The story starts out with a lot of promise. The first act introduces a group of disparate characters, each crippled by some sort of mental or emotional problem, and shows the difference in their behavior on and off the Internet. The second act makes a rocky, somewhat jarring shift from character study to melodramatic thriller. As William’s evil behavior grows more cartoonish, the script grows increasingly ridiculous. This results in a third act that provides more unintentional laughs than suspense. It ultimately reaches a conclusion that relies heavily on plot contrivance and clichés (telegraphing William throwing himself in front of the train they second they arrive in the station) instead of unique, innovative storytelling.
Like the story, the characters start out with attempts at nuance and depth but slowly reveal themselves to be clichés: the sinister Svengali who manipulates his “friends” into doing bad things for his own amusement, the super-genius little kid who saves the day, the nerdy girl who wishes she was cool, the popular girl who feels isolated by the shallowness of her real-life friends… The only character who breaks free of stereotype is Mo, whose inappropriate crush on his best friend’s sister would be a cliché were it not for the “pedophile” part, which doesn’t exactly make his plight sympathetic.

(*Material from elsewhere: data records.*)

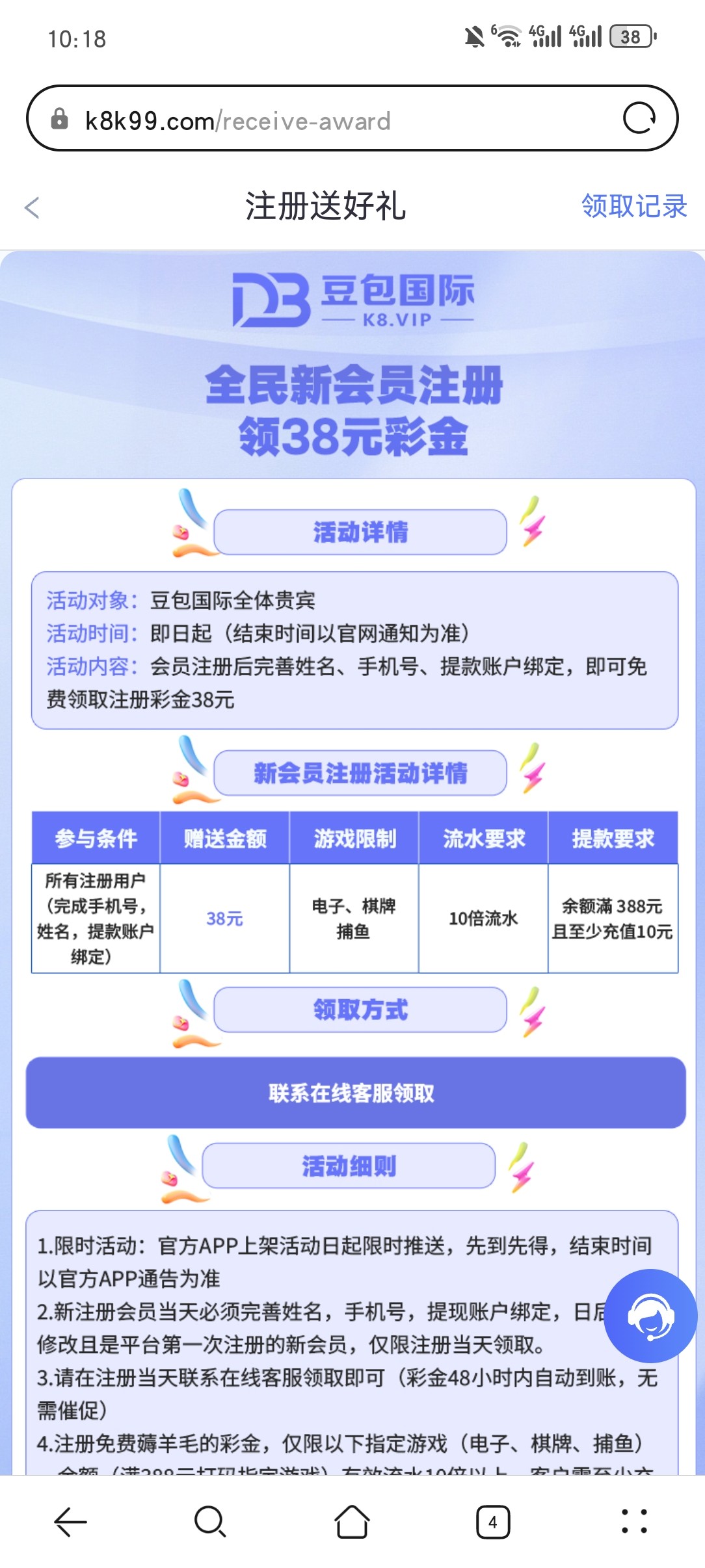 骗注册的。注册了客服来句注册彩金活动结束
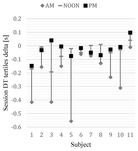 Session duration time (DT) was calculated as a sum of 23 trial RTs within a single session. The mean session DTs expressed in seconds differed significantly [F(2, 20) = 6.149, p < .008, η2 = 0.381] between the AM (M = 18.67, SD = 4.02), NOON (M = 17.25, SD = 4.24) and PM (M = 14.86, SD = 1.90) sessions and the effect size was considered high. The post hoc tests confirmed the statistical significance of the DT difference between the AM and PM sessions only (p < .005) (Figure 3b, Figure 5).
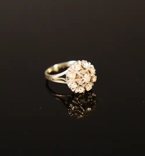 Bague marguerite en or gris 18 K (750), sertie de pierres blanches. Poids brut : 4.6 g
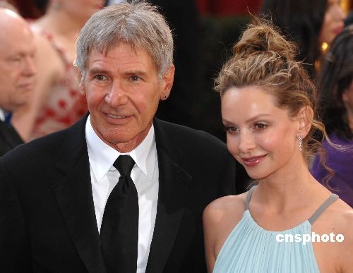 當(dāng)?shù)貢r(shí)間2月24日晚,第八十屆奧斯卡頒獎(jiǎng)典禮在好萊塢柯達(dá)劇場(chǎng)舉行。好萊塢明星哈里森·福特?cái)y女友出席頒獎(jiǎng)典禮。中新社發(fā) 張煒 攝
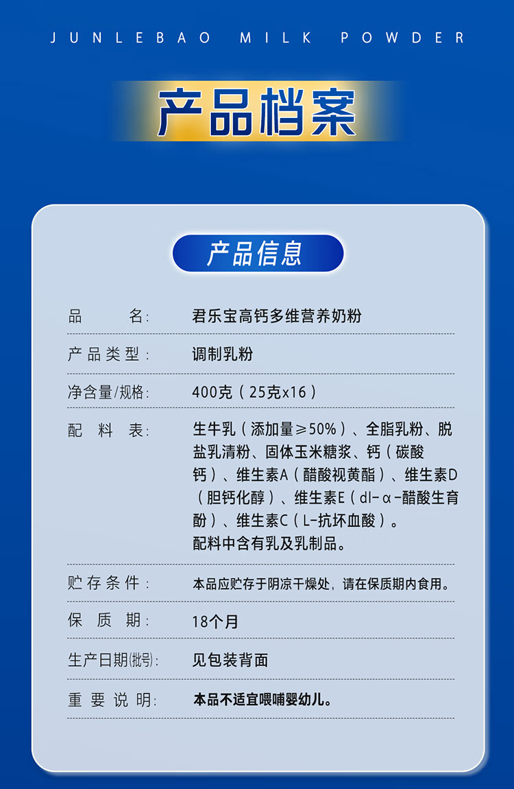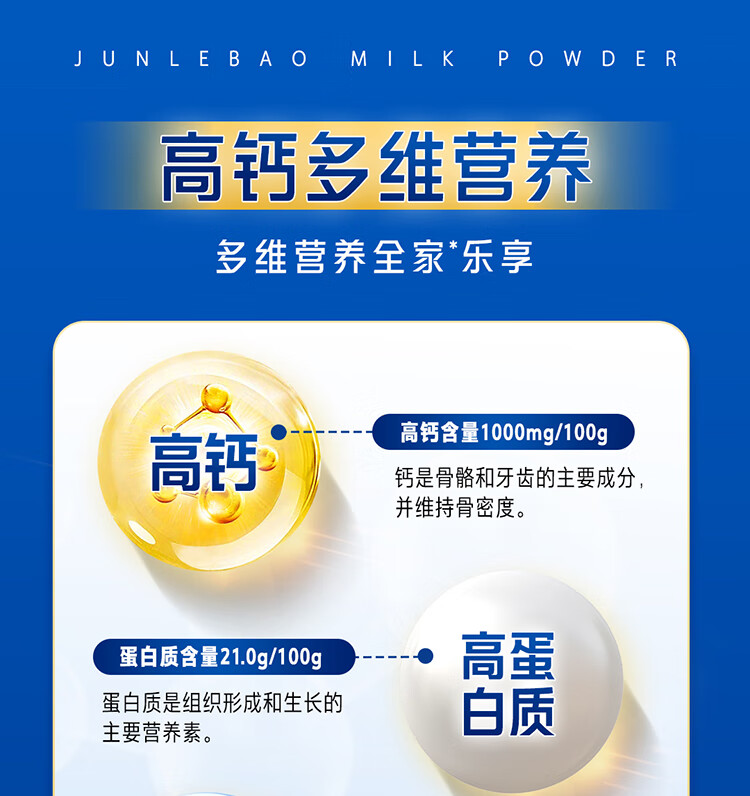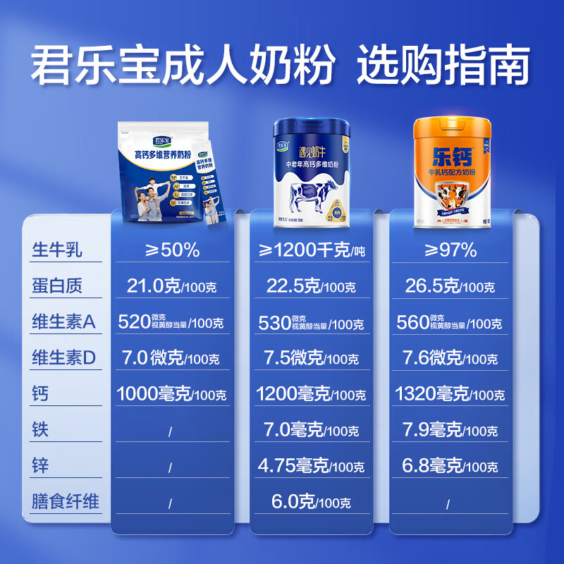 君乐宝高钙多维营养青少年成人中老年奶粉生牛乳高钙高蛋白质奶粉400g袋
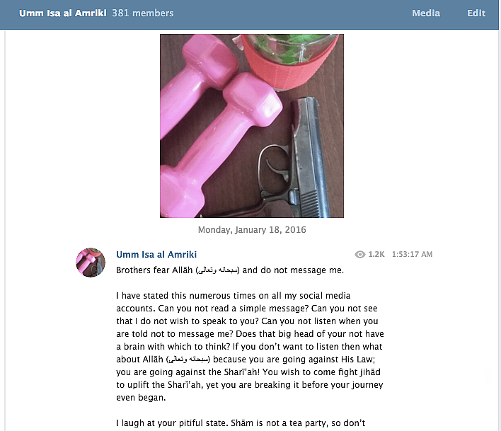 Meanwhile, that favorite jihadi pastime of aggressively messaging random women online — a hobby favored by dweebs of all political stripes — just earned some thirsty-ass scrubs a major social media smackdown from one of their own. Writing on Telegram, a poster going by the name Umm Isa al Amriki just totally read her “brothers” the riot for sliding into her messages like
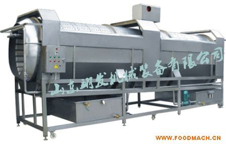 該設(shè)備由電機(jī)、水泵、滾筒、支架、托輪、板刷、噴淋水管、料斗、蓋板、水箱、閥門、傳動(dòng)軸、電機(jī)架、電氣控制開關(guān)等一些零部件組成。通過(guò)鏈條由電機(jī)鏈輪帶動(dòng)長(zhǎng)軸上鏈輪再由過(guò)渡軸的鏈輪和滾筒上的不銹鋼鏈條嚙合而使?jié)L筒實(shí)現(xiàn)轉(zhuǎn)動(dòng)。物料進(jìn)入滾筒后通過(guò)噴淋管沖洗以及板刷刷洗達(dá)到清洗效果,滾筒下方有兩個(gè)水箱,靠近出料的清水水箱,進(jìn)水管接清水,靠近進(jìn)料邊是循環(huán)水箱,從沖孔滾筒洗過(guò)物料出來(lái)的水源,經(jīng)過(guò)水箱中的過(guò)濾網(wǎng)二次利用。適用于根莖類蔬菜的清洗。
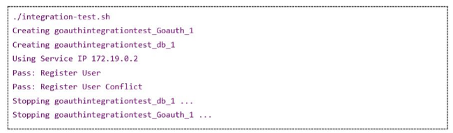 脚本的内容可以在这里找到:https://github.com/usmanismail/go-messenger/blob/master/go-auth/integration-test.sh。我们用Docker Compose搭建我们的环境,然后使用curl发送http请求到搭建的容器中。这项任务的日志将会和下图显示的相似。Compose将会启动一个数据库容器,并将它连接到goauth容器。数据库连接之后你应该会看到一些列“Pass: …”信息,说明各项测试都在运行和验证。测试完成后,compose模板将会自行清理数据库和go-auth容器。
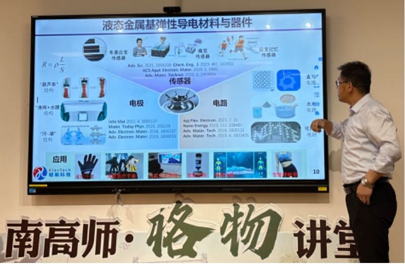 物联网技术、可穿戴和可植入技术的快速发展对电子器件提出了柔性化的迫切需求。柔性电子系统主要包括柔性电路、柔性传感器、柔性存储器等,用于运动、生理体征等信号的感知、传输与存储。电子元器件的基本单元包括电阻、电容、电感、晶体管等,而导电材料、介电材料、功能材料(半导体、磁性、铁电材料等)作为构成器件单元的基础材料,其柔性化方法受到广泛关注。在本次报告中,李老师主要介绍了团队在柔/弹性导电、铁电、磁性材料与传感器方面的研究工作。首先,在弹性导电材料与器件方面,介绍了基于室温液态金属材料,获得了兼具高电导率和大应变下稳定的弹性导电材料,开发了弹性加热器、弹性应变传感器、仿生痛觉感受器等原型器件,研发了实用化的弹性导线和弹性应变传感器。其次,在弹性铁电材料方面,介绍了该团队提出的利用化学交联方法使有机塑性PVDF基共聚物具有本征弹性的思路,通过精细调节交联反应,首次合成出具有本征弹性的铁电材料。最后,在柔性磁性功能材料和器件方面,介绍了该团队发现的应力对柔性磁性薄膜磁各向异性的定量调控规律,掌握了柔性磁性薄膜在应力作用下保持磁各向异性稳定的基本方法,制备了抗拉伸干扰的超弹性自旋阀磁传感器、三维力传感器、数字化仿生触觉传感器等。李老师团队的研究结果为实现柔性磁电功能器件在人机交互、健康监测等领域的应用奠定了良好的基础。在报告结束后,老师及同学们针对柔性磁电子器件的应用前景等问题进行了提问,李老师耐心地一一进行解答。同学们通过此次报告对可穿戴柔性磁电子器件有了深入的了解。
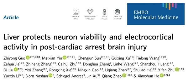 近日,中山大学附属第一医院何晓顺、赵强和郭志勇等在 EMBO Molecular Medicine 期刊发表了题为:Liver protects neuron viability and electrocortical activity in post-cardiac arrest brain injury 的研究论文。
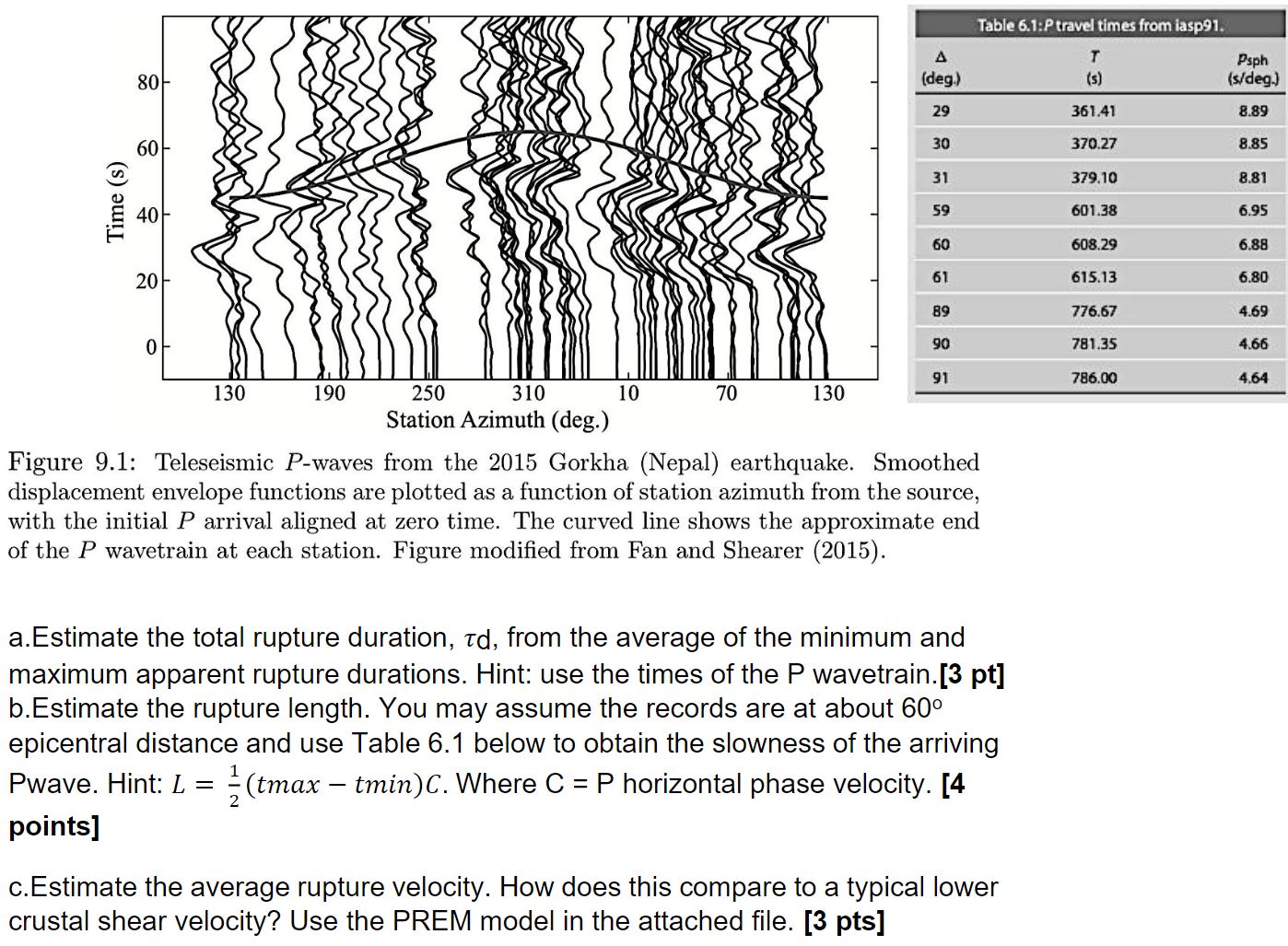 Solved 2.The Figure below plots teleseismic P-waves from the | Chegg.com

Overall, Chatroom reads like the ravings of a paranoid middle-aged person who blames Internet chatrooms for all of teens’ problems. It already feels dated by focusing on chatrooms and marginalizing the vastly more popular (for the moment) social-networking websites and the widespread use of instant-messaging (it’s not just for sheltered nerds anymore!), and it’s bound to feel more and more dated and ridiculous as years pass. A more grounded examination of the effects of these teens’ home lives might have made for a more compelling, nuanced thriller about the effects of creating an “online persona” to hide from reality. The writer opted to get silly instead of serious, resulting in a story that will please neither teens nor adults.
It seems geared toward teens, but the teenage characters and storyline will feel inauthentic to anyone under 30. A story focusing on teens using chatrooms isn’t likely to appeal to any older demographics.